To cut a long story short DH has a long history of alcohol abuse, letting me down, staying out etc etc.
He has had more second chances that the entire population of the UK have had hot dinners. 2 weeks ago I discovered he had also been taking drugs. Stupidly I let him persuade me to give things one final chance. The agreement was that he would not drink - at all.
He managed a week and a half. Then yesterday I started getting the familiar signs that he was out drinking. Not responding to messages, not answering his phone etc. He likes to pretend he is "busy in a meeting", but strangely when he is in a genuine meeting he finds time to pop out to let me know what's happening.
Anyway so he came home at 7pm and had clearly been drinking. His mother had arrived that afternoon to stay for a few days. She hasn't seen him (or the kids) for 6 months. She had been waiting for him to come home since 4pm. He came in, tried to deny he had been drinking, whilst proceeding to talk utter shit all evening. MIL had no dinner as I went upstairs and left them to it as I couldn't bear being around him. Him being drunk didn't think to offer her anything. So she ended up in tears and eating a sandwich.
This morning he wants "to talk". It was a "small slip" apparently and he should get credit for trying so hard (an entire week and a half!!). It was a business lunch and it had been planned for months!! (Bullshit, I looked at his emails it was a mate he met in the pub!).

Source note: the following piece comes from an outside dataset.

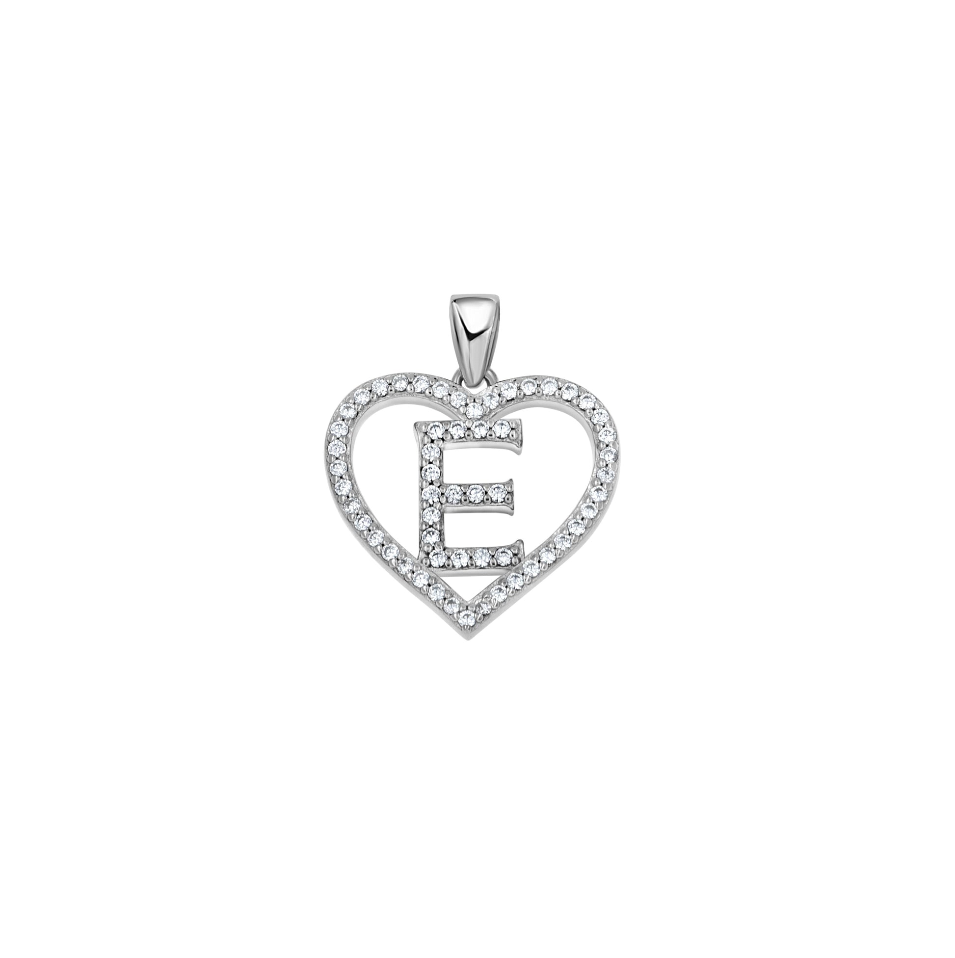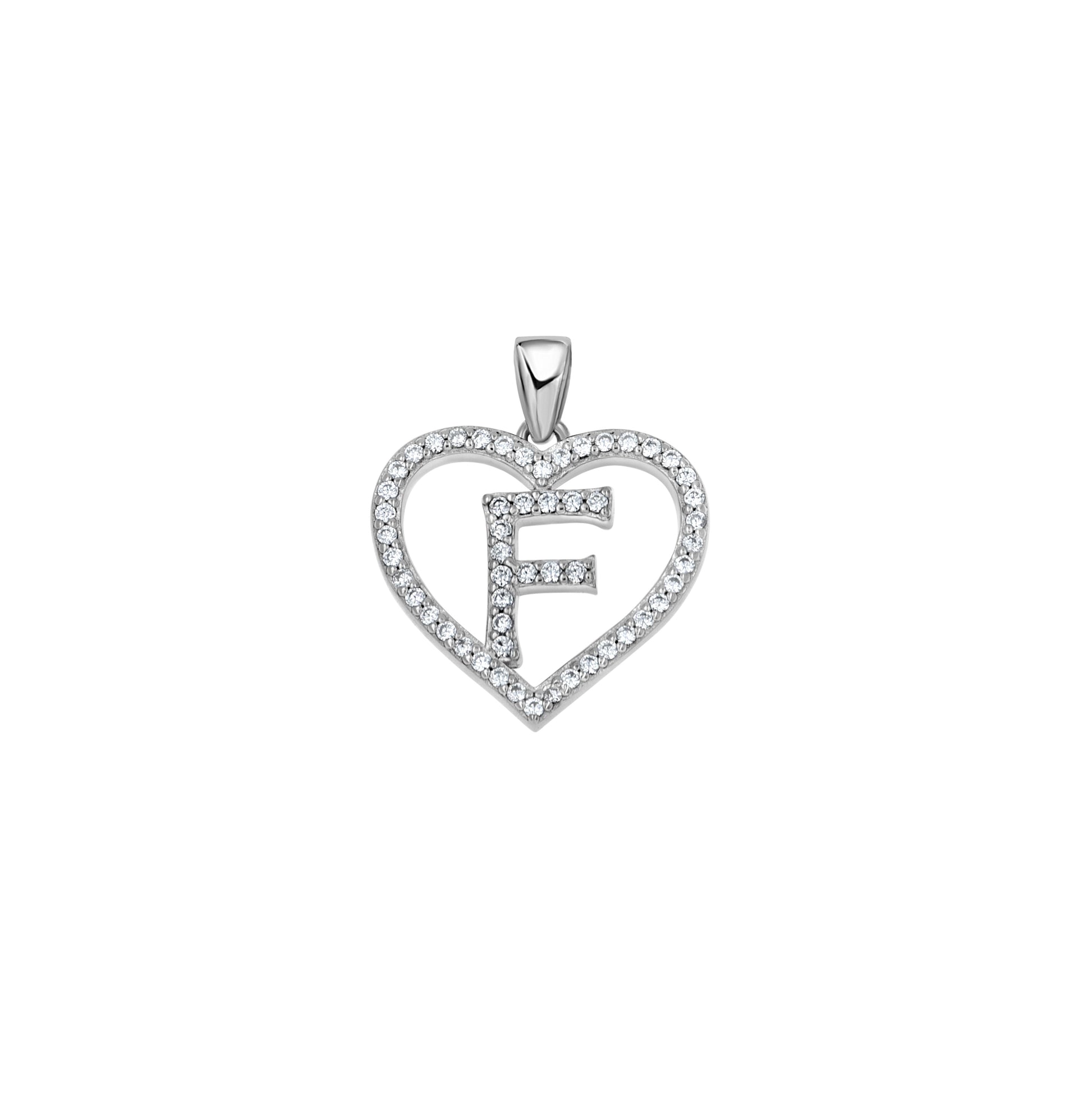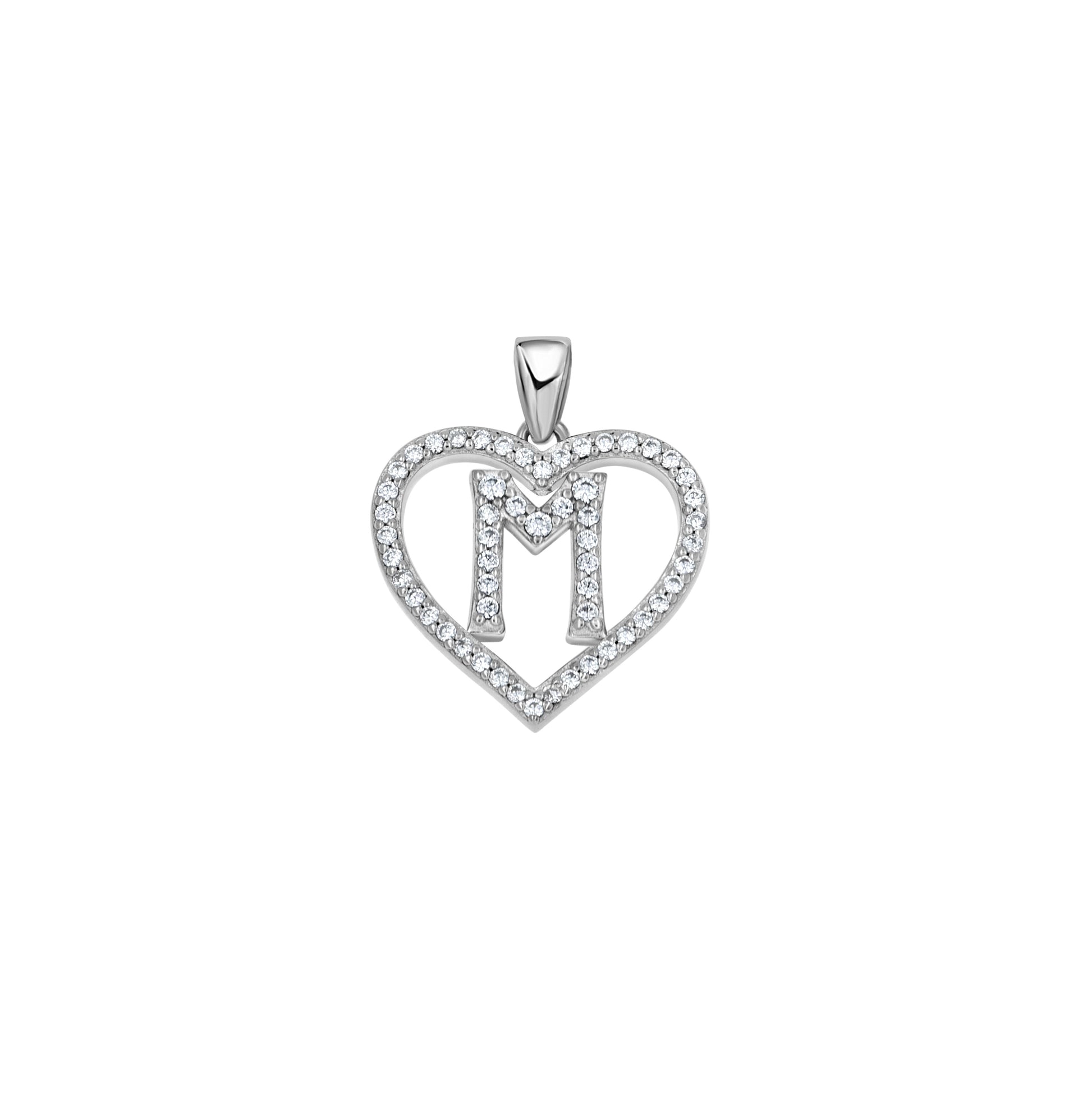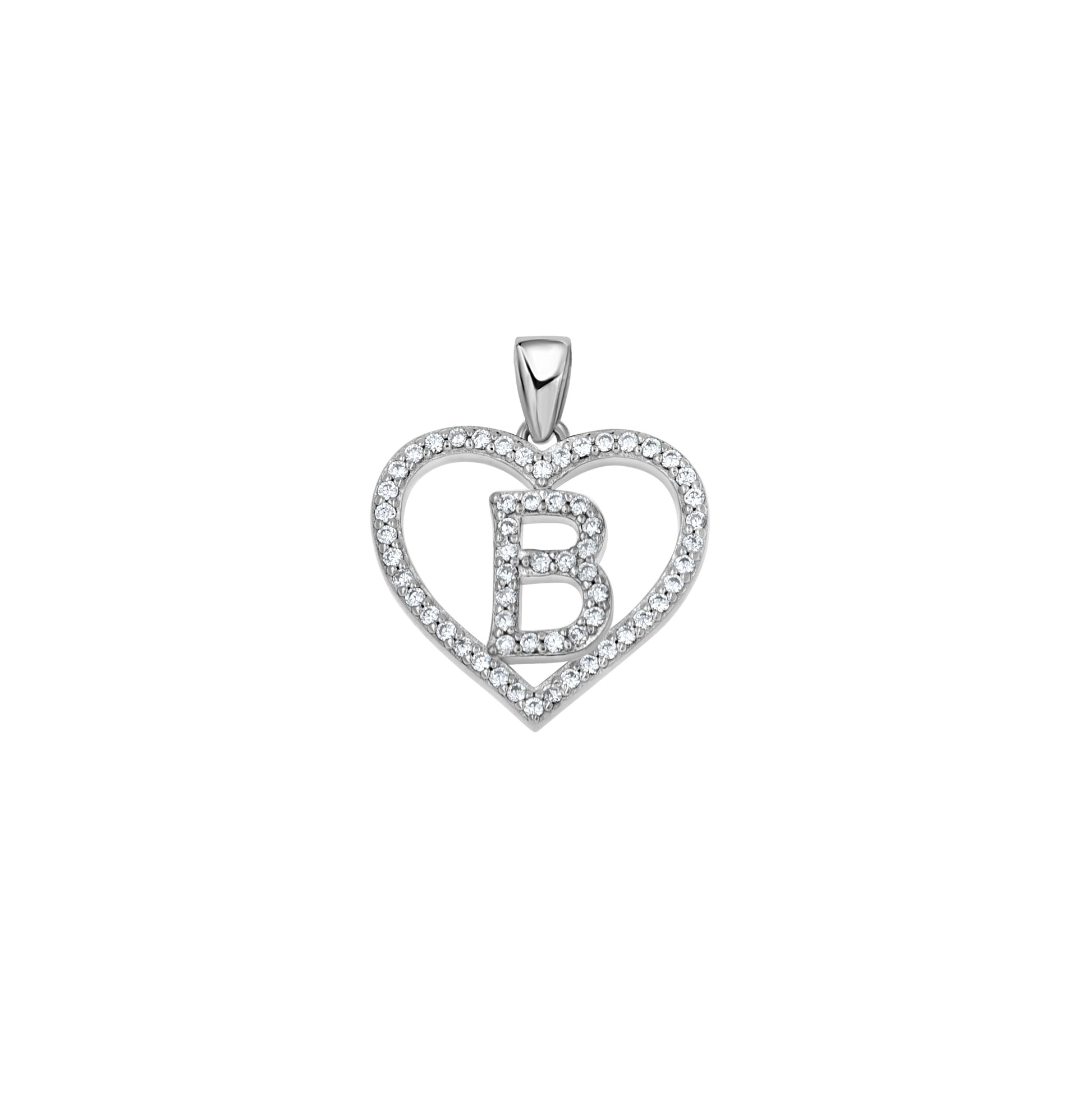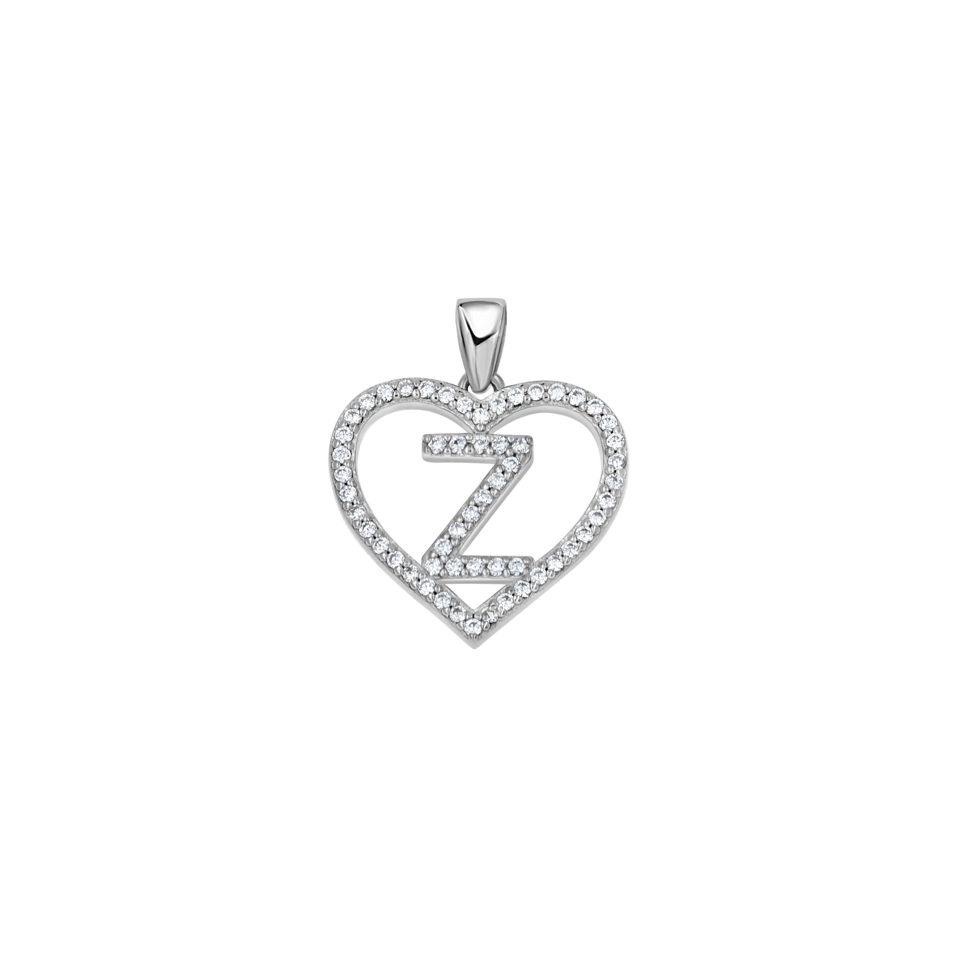 Sterling Silver Womens Cubic Zirconia Initial Letter Heart Charm Pendant

I have told him that he has blown it. That he made the choice to have a drink, and then made the choice to carry on drinking despite knowing that a) he was risking his family and b)his mother was sat at home waiting for him. Knowing his track record she even text him begging him not to ruin the weekend when it became clear he was drinking.

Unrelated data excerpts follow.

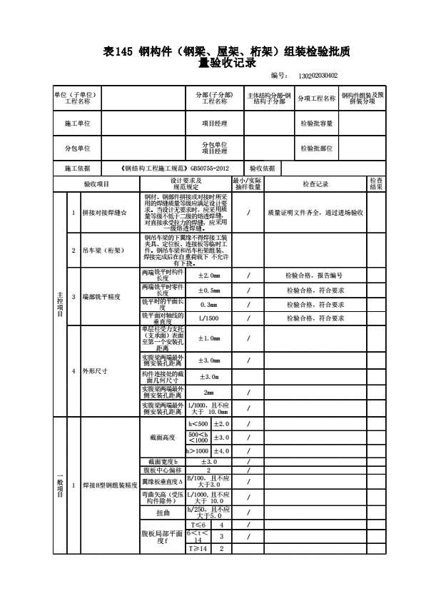 表格名称:130202030402 钢构件(钢梁、屋架、桁架)组装检验批质量验收记录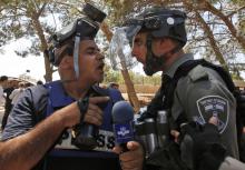 به گزارش پایگاه خبری تحلیلی گرو، درگیری خبرنگار فلسطینی صداوسیما با سرباز مزدور اسرائیلی در حاشیه نمازجمعه این هفته در کرانه باختری را میبینید./عکس: Musa Al Shaer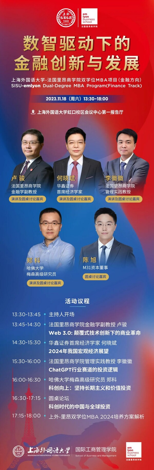 11月18日,上海外国语大学-法国里昂商学院双学位MBA项目 (金融方向) 将举办年度金融论坛,以"数智驱动下的金融创新与发展"为主题,特别邀请了五位来自学术界和商界的嘉宾围绕政策研究、金融科技、投资分析等问题,共同探讨中国金融领域创新与发展方向。

He is now saying that by arguing with him in front of his mother I am going to cause her to have a heart attack and die. That she has already been sick this morning from the stress. I did point out that had he remained sober she wouldn't be witnessing any of this.
So AIBU to not go along with playing happy families until she leaves after the weekend? I've had years of this and have had to cover up the reality of his drinking for so long. I'm now refusing to do it any longer. I'm open and honest that he is an alcoholic. I'm in work, yet again, having had no sleep because of the stress and anxiety he has caused me. I can't eat and feel sick in the pit of my stomach. Should I really be pretending all is fine and ok just because his elderly mother is here??